OUTCOME : Draw your syntax diagrams carefully in your notes and get your teacher to check them over. Ask for hints if you need to :)

Activity 5 EBNF Visualiser (30)

There is a free piece of software called 'EBNF Visualiser' which is available to download from the Software directory for this section as well as a number of '.ebnf' files from the resources for this section which define various grammars.

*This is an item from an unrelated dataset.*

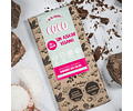 Chocolate 70% cacao sin azúcar (masa de cacao, maltitol, manteca de cacao, lecitina de soya, vainilla), coco rallado (20%).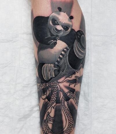 Das Kung-Fu-Panda-Tattoo ist ein Symbol für Mut, Tapferkeit, Einfallsreichtum, Freundlichkeit und Freundschaft. Die Darstellung der Figur kann auf verschiedene Weisen erfolgen: humorvoll, um dem Träger der Tätowierung einen Sinn für Humor zu verleihen, oder ernster und männlicher, um Mut und Tapferkeit zu betonen. In dieser Ausführung werden dunklere Töne verwendet, und der Panda zeigt eine ernstere Mimik. Es gibt auch Versionen, auf denen der Panda in Angriffsposition oder mit einem Kampfgebrüll dargestellt ist. Solche Tattoos enthüllen die verborgenen Charaktereigenschaften des Besitzers. Obwohl die Person äußerlich ruhig und friedlich wirken mag, ist sie in der Lage, sich in bestimmten Situationen zu behaupten und ihre Interessen energisch zu verteidigen.

The user interface of EBNF Visualiser (Windows 7+ version)

Task 5.1
 EBNF visualiser - a challenge!
EBNF visualiser
Various *.ebnf files (grammars)

Can you get EBNF visualiser to work?  Can you find the case_statement syntax diagram from the screenshot? You can inspect the *.ebnf files using notepad to see what the flavour of BNF looks like.

OUTCOME : Nothing apart from the satisfaction of getting it to work!

Extension Activities 

Wasn't this challenging enough? Have a night off!

Railroad diagram generator : http://www.bottlecaps.de/rr/ui

What's next?

Before you hand your book in for checking, make sure you have completed all the work required and that your book is tidy and organised. Your book will be checked to make sure it is complete and you will be given a spicy grade for effort.